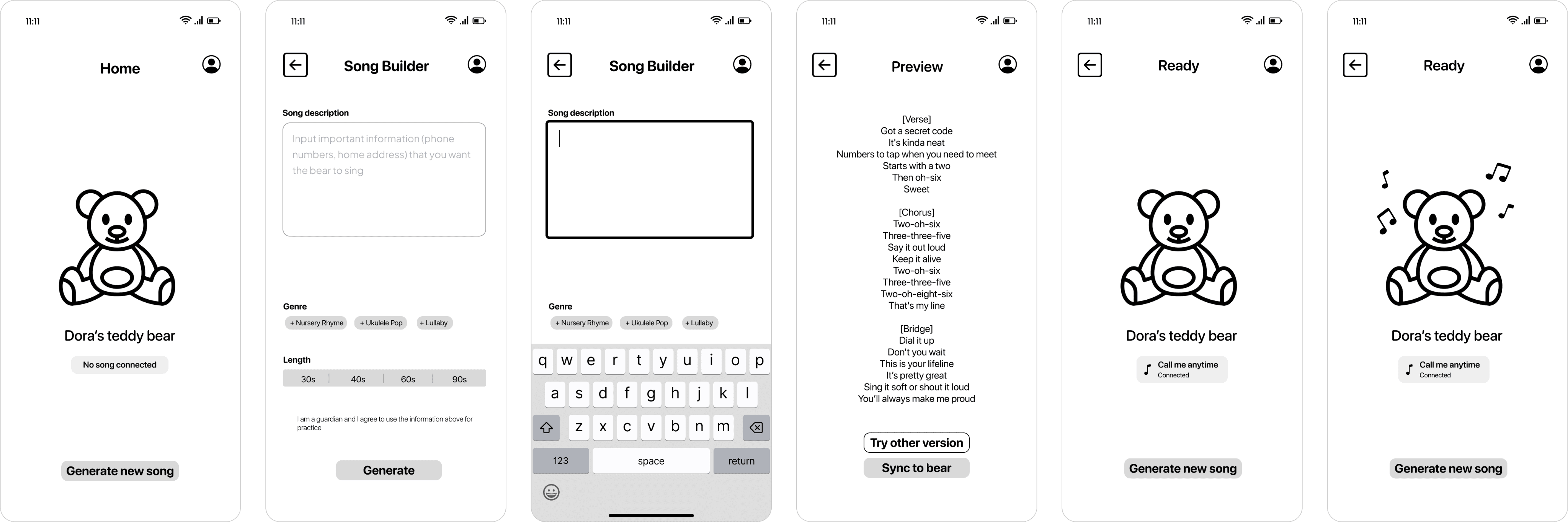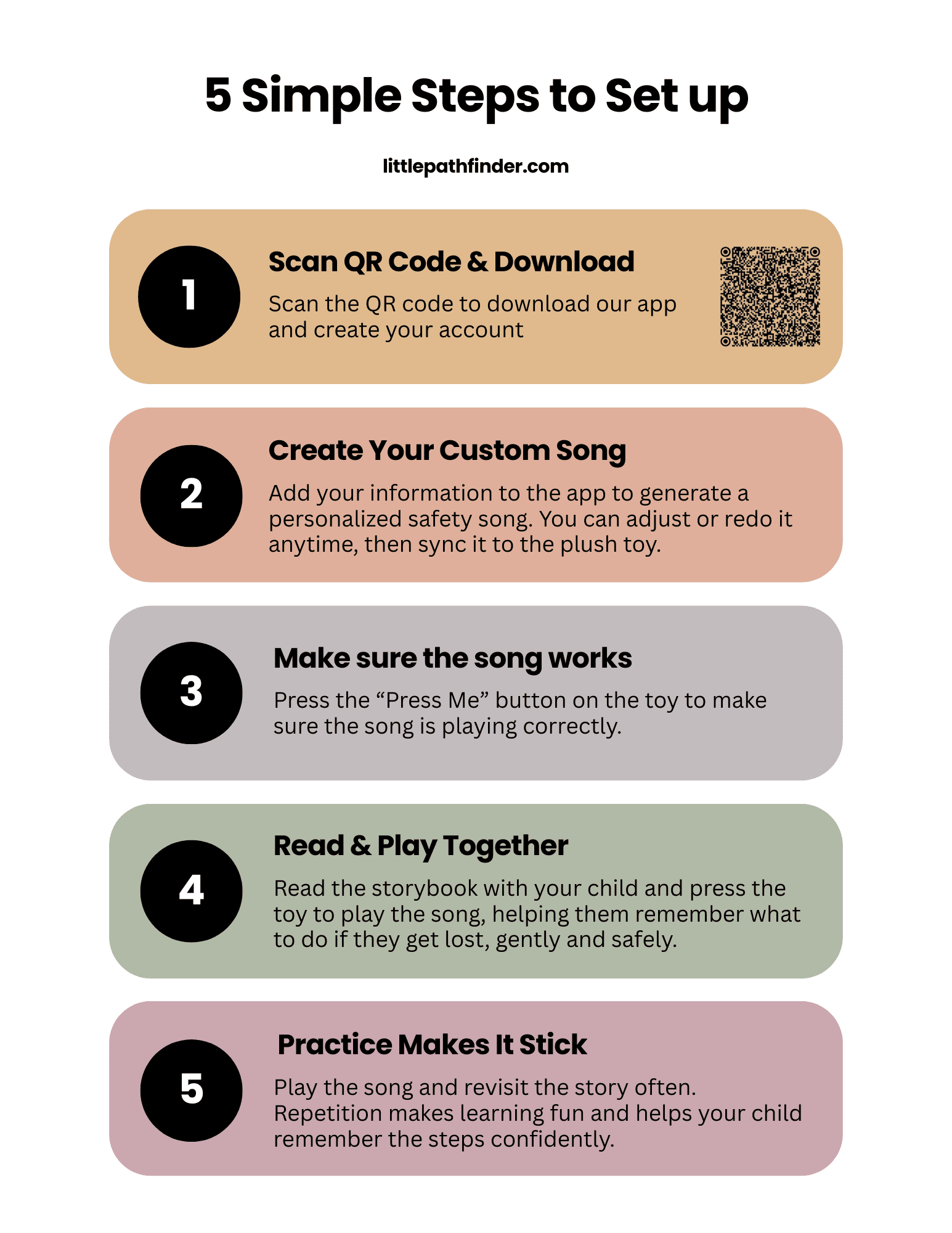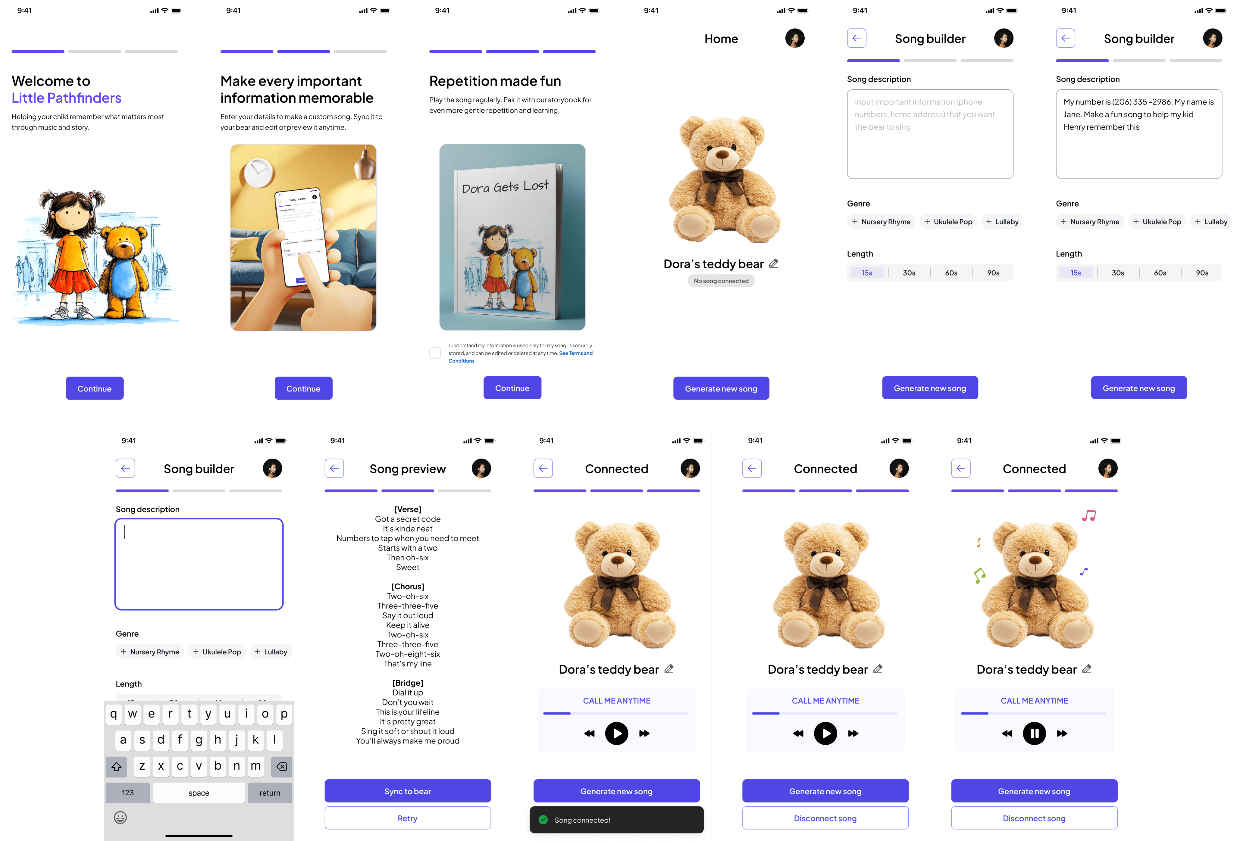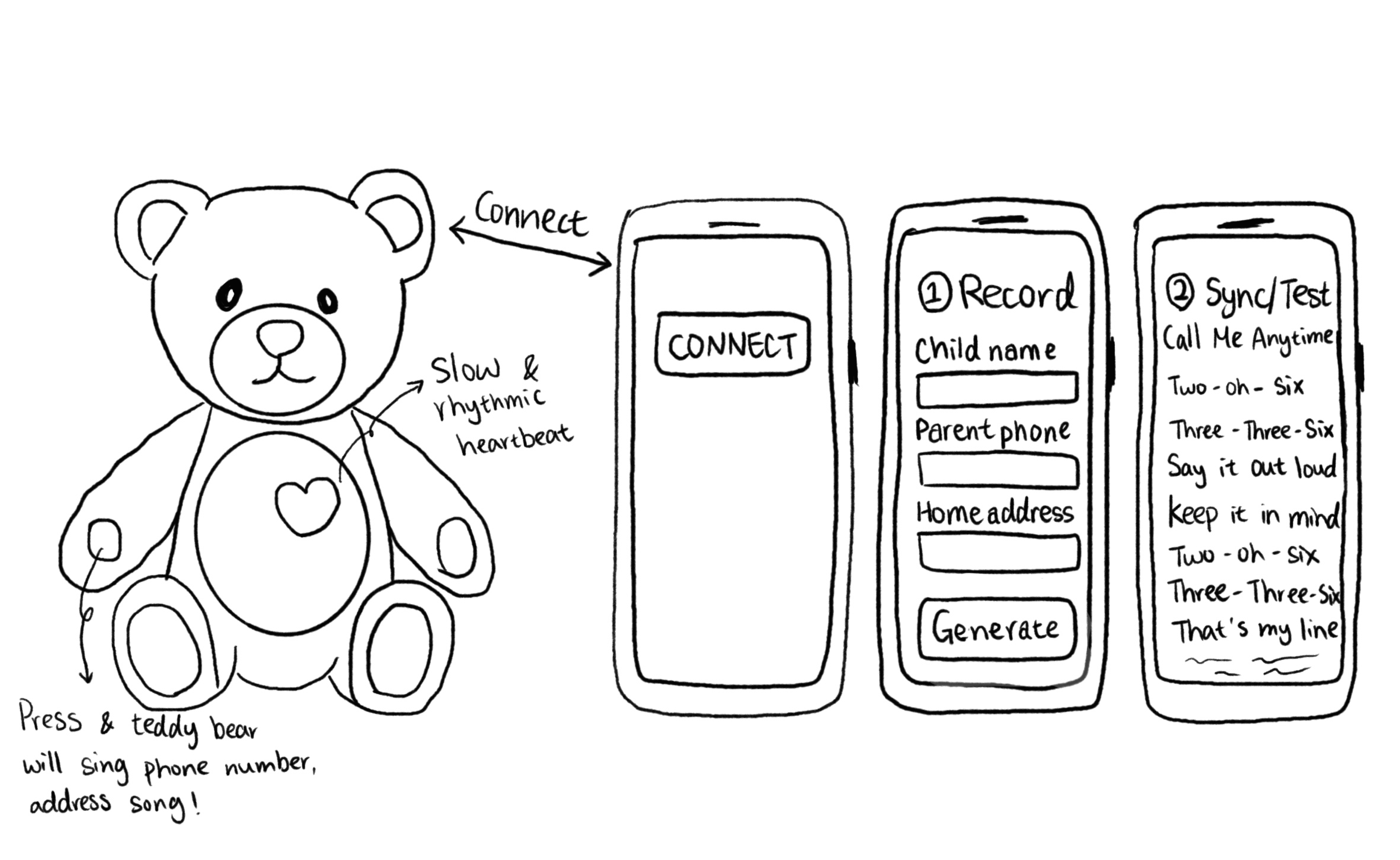 A calming teddy bear that pairs with a parent app to turn contact details into a simple, personalized safety song. The bear’s rhythmic heartbeat and playful singing help children self-soothe and remember what to do if they get lost.
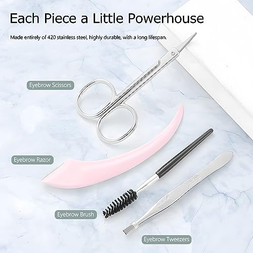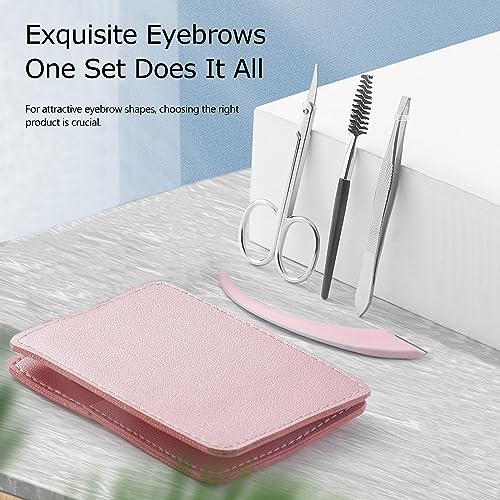 Specification: Eyebrow Trimmer Kit, 5-in-1 Set with Eyebrow Scissors, Eyebrow Razor, Tweezer, Brush, and Mirror for Women, Includes Leather Carry-Around Bag (Pink).
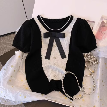 | nameOriginal | French high-end sense slimming and chic knitted short sleeves for fat girls |
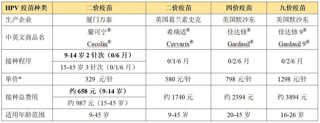 此外,不同宫颈癌疫苗的适宜接种人群也有所不同,二、四、九价疫苗适宜接种人群分别为9-45岁、20-45岁、16-26岁。
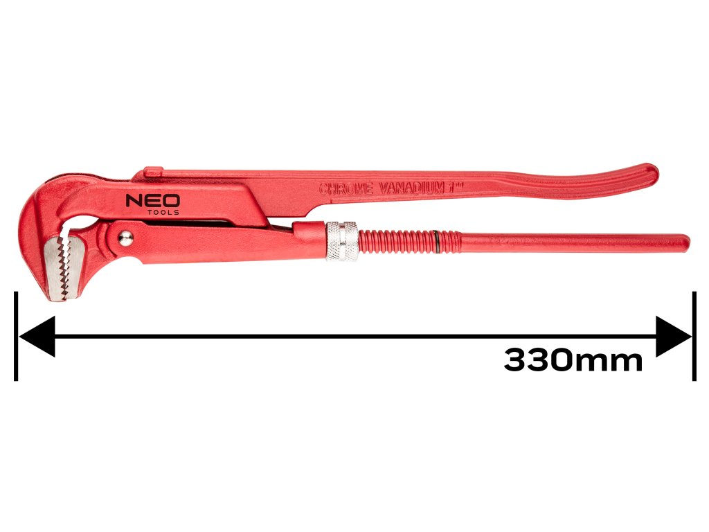 NEO kľúč na rúry typu "90" (ref. 02-423) s dĺžkou 330 mm. Určené na odskrutkovanie a utiahnutie potrubia a ventilov. Vďaka drážkovanej vnútornej strane čeľustí je uchopenie okrúhleho profilu pevné. Vyrobené z odolnej chróm-vanádiovej ocele, ktorá zaručuje dlhú životnosť nástroja. Značka NEO spĺňa očakávania profesionálov.
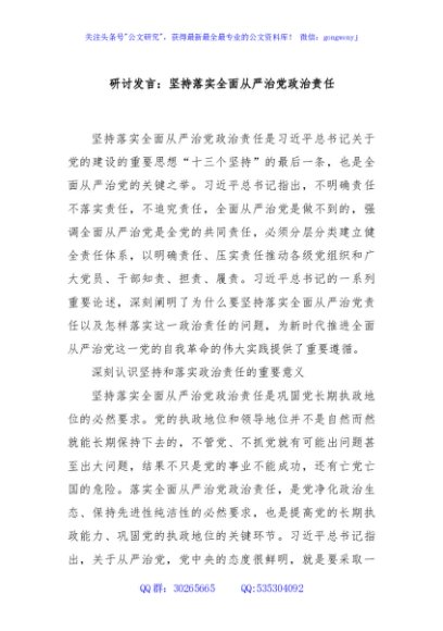 / 研讨发言:坚持落实全面从严治党政治责任
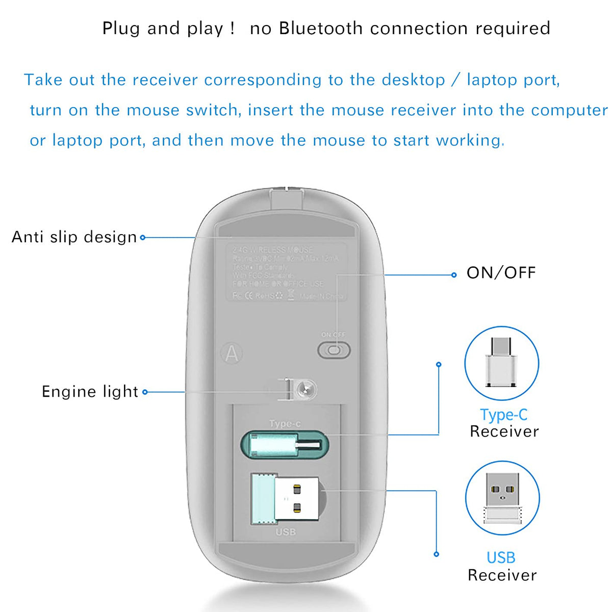 How Do I Use This Wireless Mouse On My Laptop? 1: Remove The Usb Receiver Or Type C Receiver At The Bottom Of The Mouse (Remove The Receiver Suitable For Your Computer/Laptop Port) And Plug The Receiver Into The Port Of Your Computer /Laptop 2: Turn On The Mouse Switch, Move The Mouse Or Press The Left And Right Mouse Buttons, And The Mouse Will Start Working On Your Computer Desktop,Plug And Play, Only Need 2 Steps To Use.
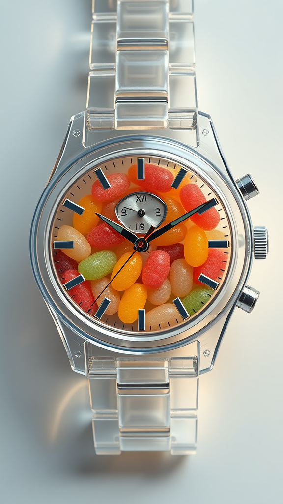 View: top-down cinematic fine art photography in a professional studio setting, showcasing a transparent vinyl watch crafted from translucent glass. The interior brimming with vibrant jelly beans, the watch exhibits a high refractive index. The composition features frosted glass with pastel hues accented by a subtle pale yellow highlight. The aesthetic is in the style of Dieter Rams, with illustrative elements emphasizing its design.
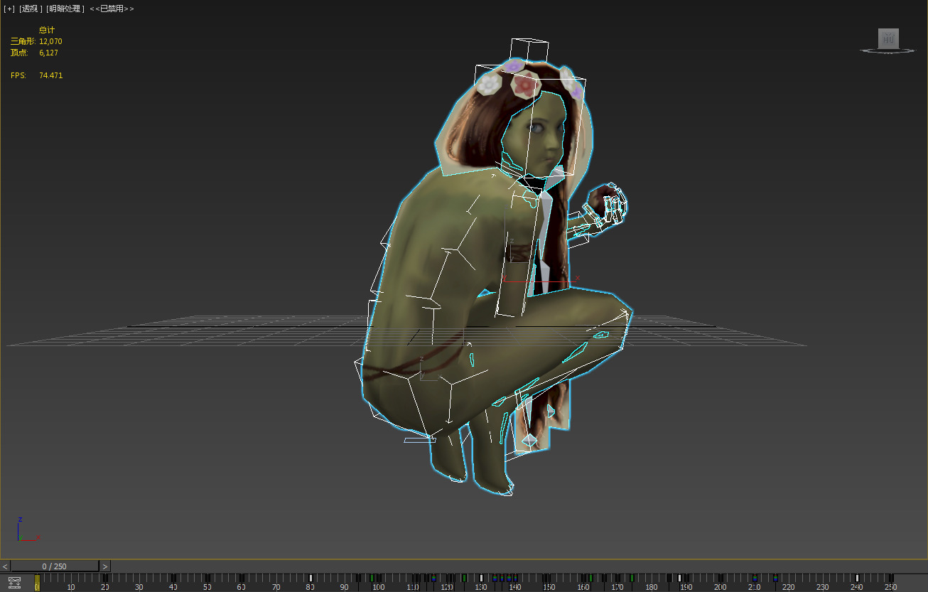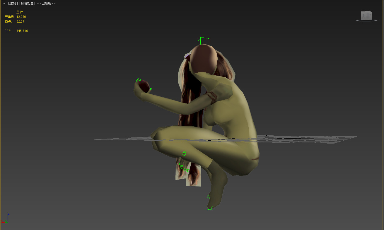 由于视角固定,看不见的面都没画贴图,不知道是我身体比例的问题还是什么原因,动作怎么调都有点畸形,只能尽量接近原画

* **Activity**
Using the data above, which lines fall from the one with "Specification: Eyebrow Trimmer" through the one with "此外,不同宫颈癌疫苗的适宜接"? Repeat them exactly, ends included, minus any pictures.

* **Answer to this exercise**
 Specification: Eyebrow Trimmer Kit, 5-in-1 Set with Eyebrow Scissors, Eyebrow Razor, Tweezer, Brush, and Mirror for Women, Includes Leather Carry-Around Bag (Pink).
 | nameOriginal | French high-end sense slimming and chic knitted short sleeves for fat girls |
 此外,不同宫颈癌疫苗的适宜接种人群也有所不同,二、四、九价疫苗适宜接种人群分别为9-45岁、20-45岁、16-26岁。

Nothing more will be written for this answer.